Di fronte al salto che ti renderà immortale o spegnerà per sempre la tua vita, puoi scegliere solo se raccomandare la tua anima a Dio oppure al Diavolo. Prima di salire,
Evel Knievel ha voluto la benedizione del cugino padre Sullivan, prete cattolico, ma non cambia niente. Perché il diavolo è lui. E fra pochi istanti verrà sparato da un propulsore a reazione per la più pazzesca delle imprese mai tentata su due ruote, il salto dello Snake River Canyon, nell’Idaho: 485 metri da una sponda all’altra e, sotto, un baratro a cui è meglio non pensare. Con in mezzo il fiume, profondo, in cui c’è pure il rischio di annegare nel caso il salto fosse corto. Sempre ammesso che il razzo dietro la schiena non esploda prima.
Cosa passa per la testa di un uomo chiuso nella cabina di un missile a due ruote, mentre attende il calcio che gli mozzerà il fiato proiettandolo verso l’infinito?

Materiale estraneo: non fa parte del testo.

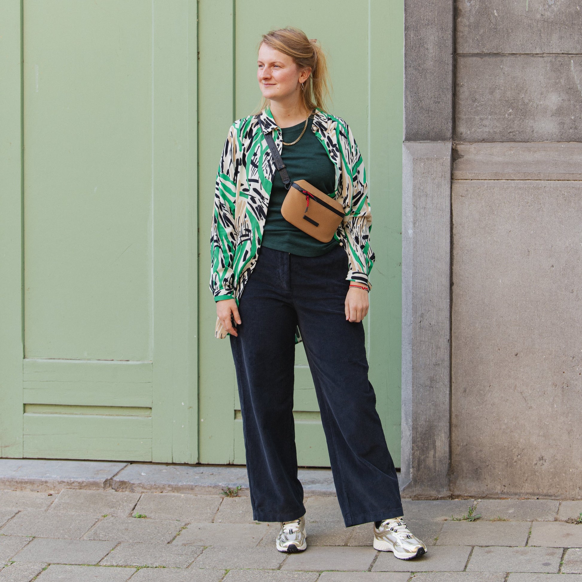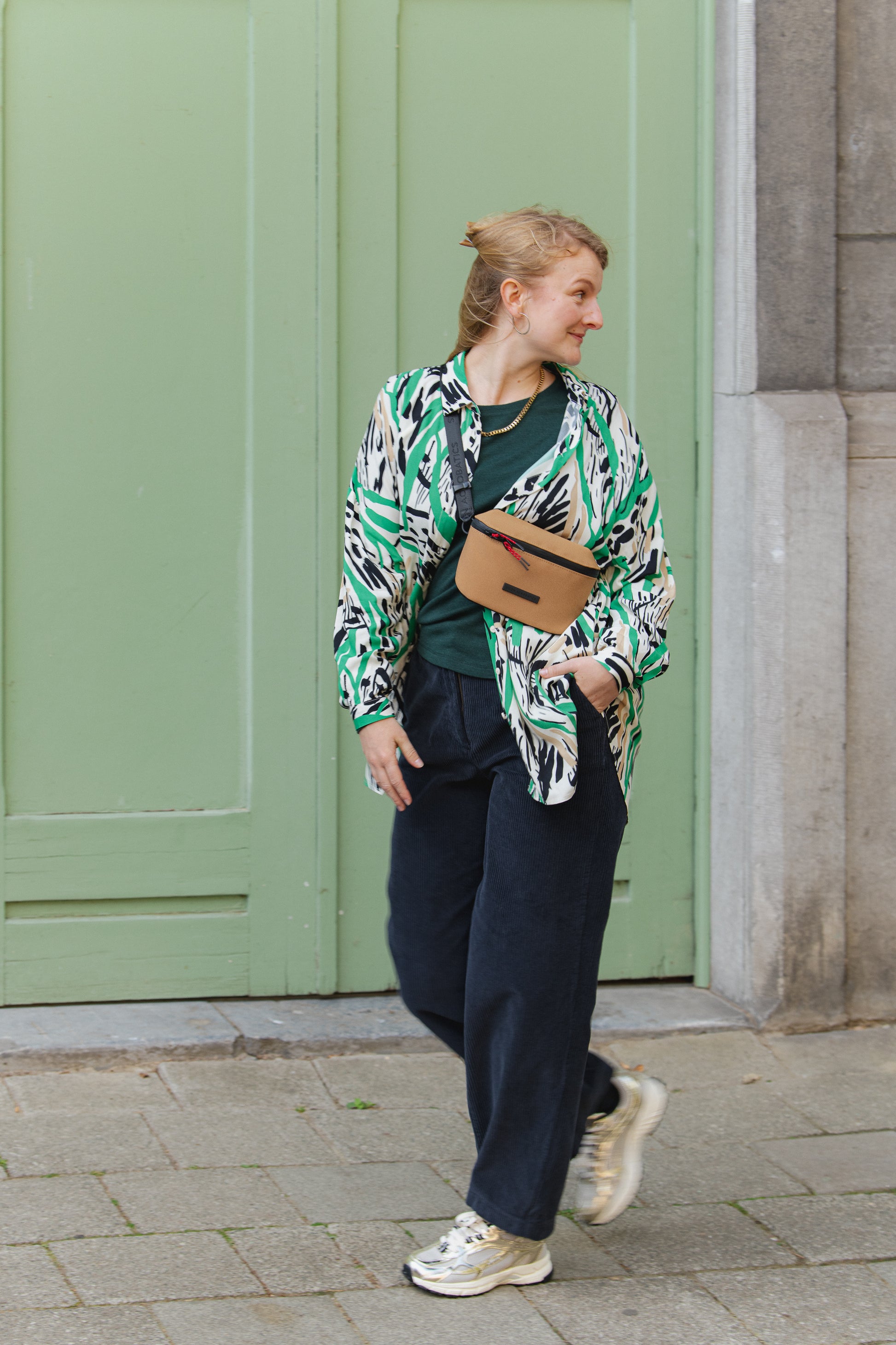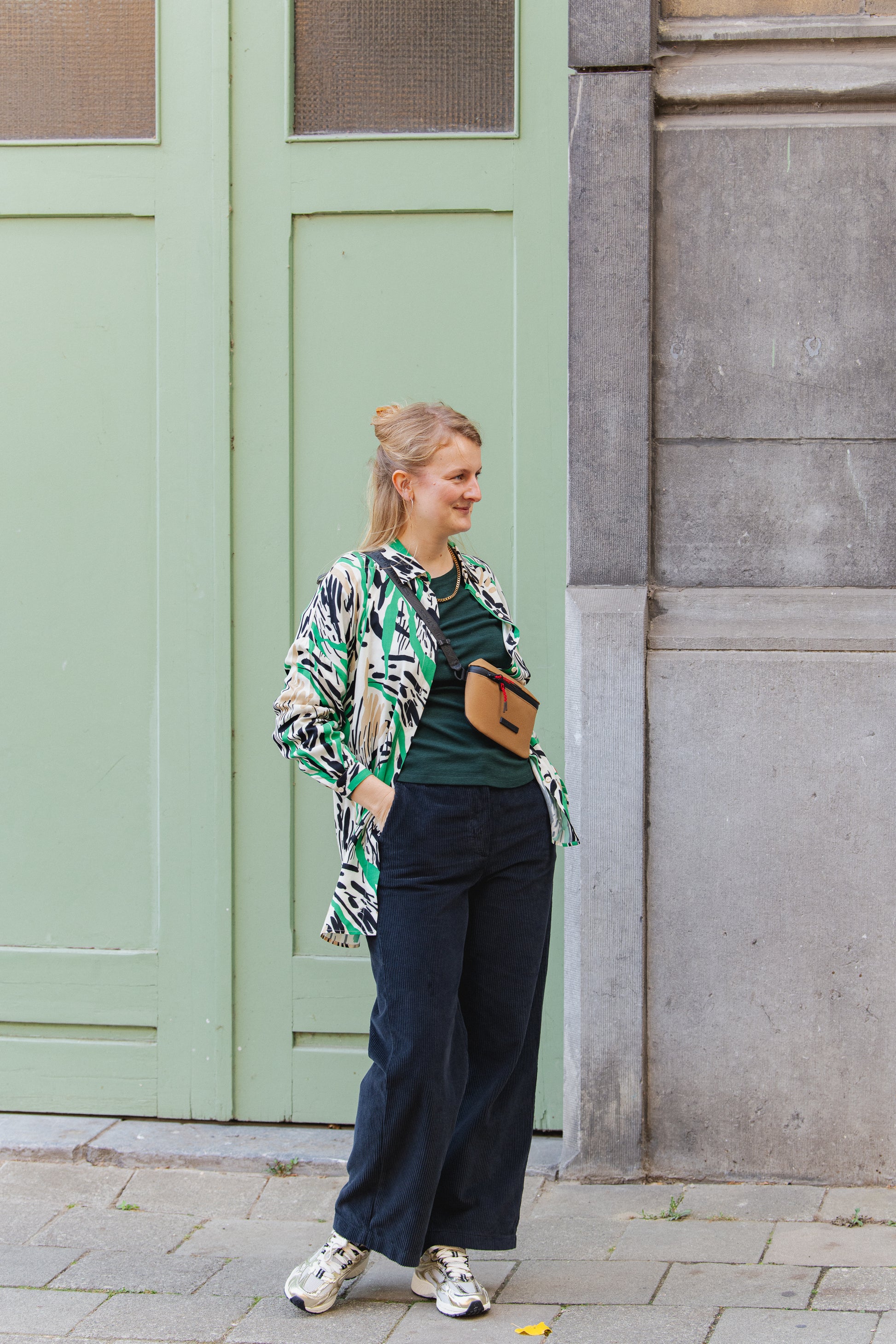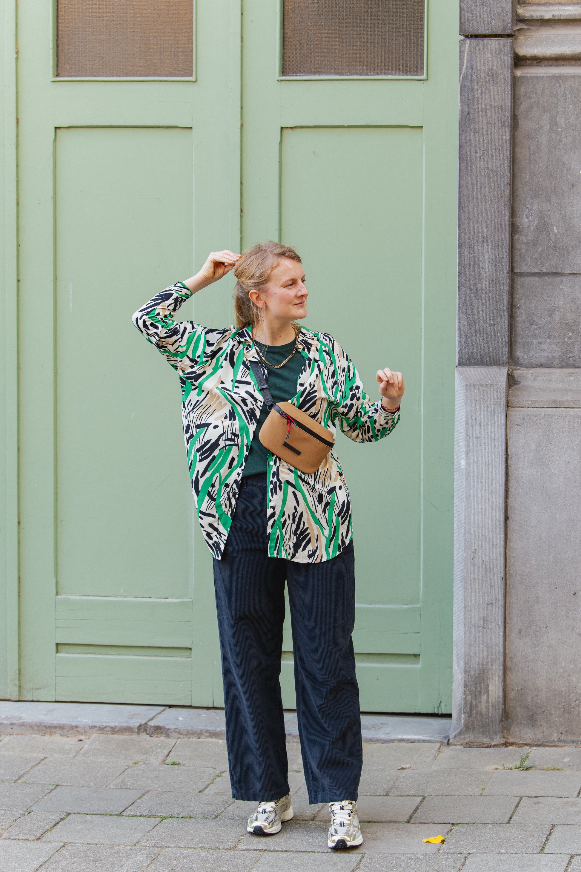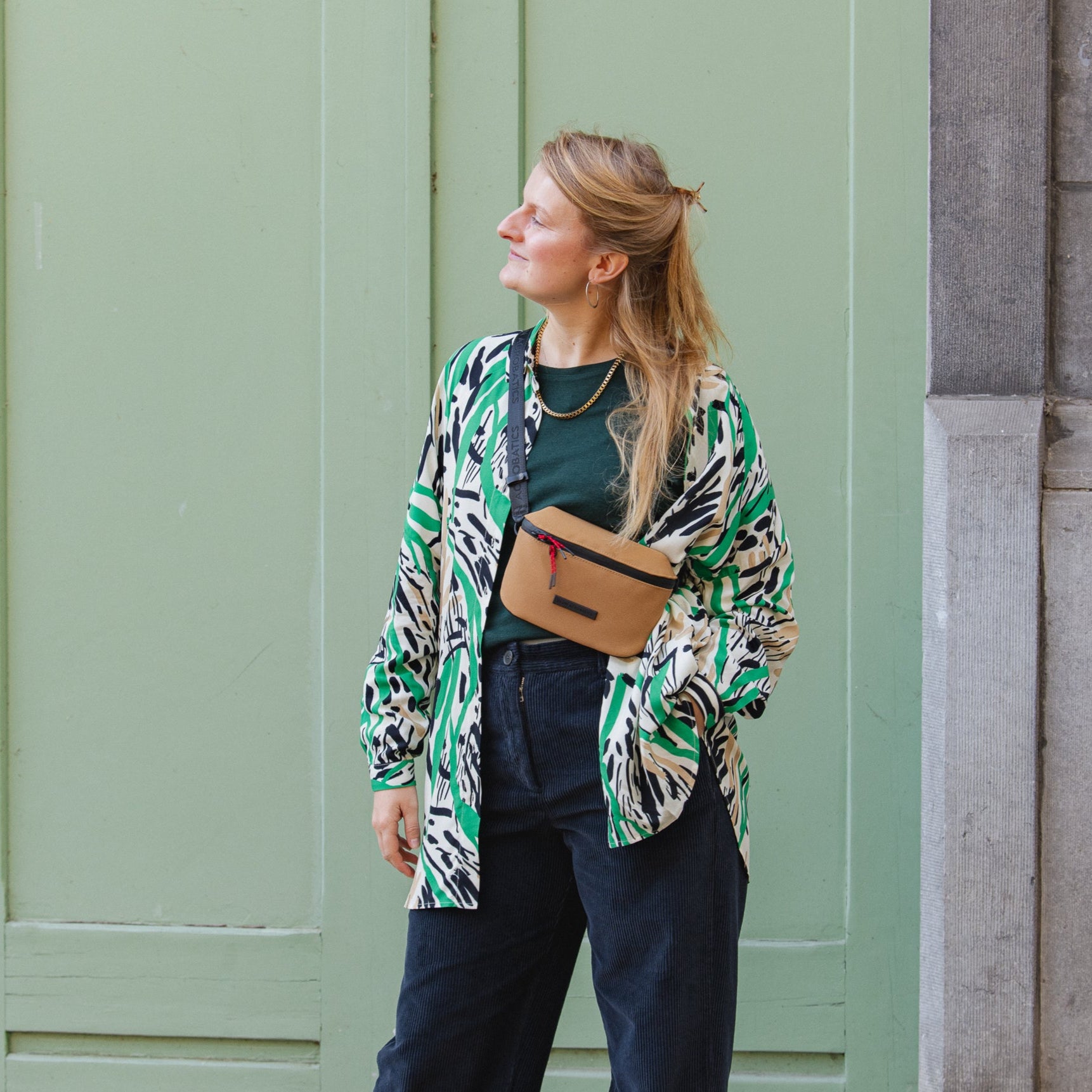 Long, loose-fitting shirt. Classic collar and raglan sleeves, button front and side pockets. Wear open or closed!

Evel Knievel il demonio dei salti, “The Daredevil”, che significa “il temerario”. Al secolo Robert Craig Knievel, nativo di Butte, cittadina mineraria del Montana, ma oramai universalmente noto con quel nomignolo che si richiama a “evil”, malvagio, scelto con una punta di malizia per l’assonanza con il cognome. Lo aveva voluto Bob Blair, proprietario della ZDS Motors e distributore Norton per la West Coast: lo aveva sponsorizzato dandogli una moto ai tempi dei suoi primi spettacoli, nel 1966, chiedendo però di introdurre nel titolo dello show il nomignolo escogitato nella notte passata in guardina.
Knievel era finito lì per una ragazzata in moto, manco a dirlo, ma negli States la polizia non scherza e la “guida pericolosa” gli era costata una notte al fresco. Perché stupirsi? Non molto tempo prima era stato licenziato dalle miniere di rame della Anaconda Mining Company perché, impennando una ruspa come fosse una moto, era finito dritto nella principale linea elettrica di Butte, travolgendola e lasciando la città senza corrente per alcune ore.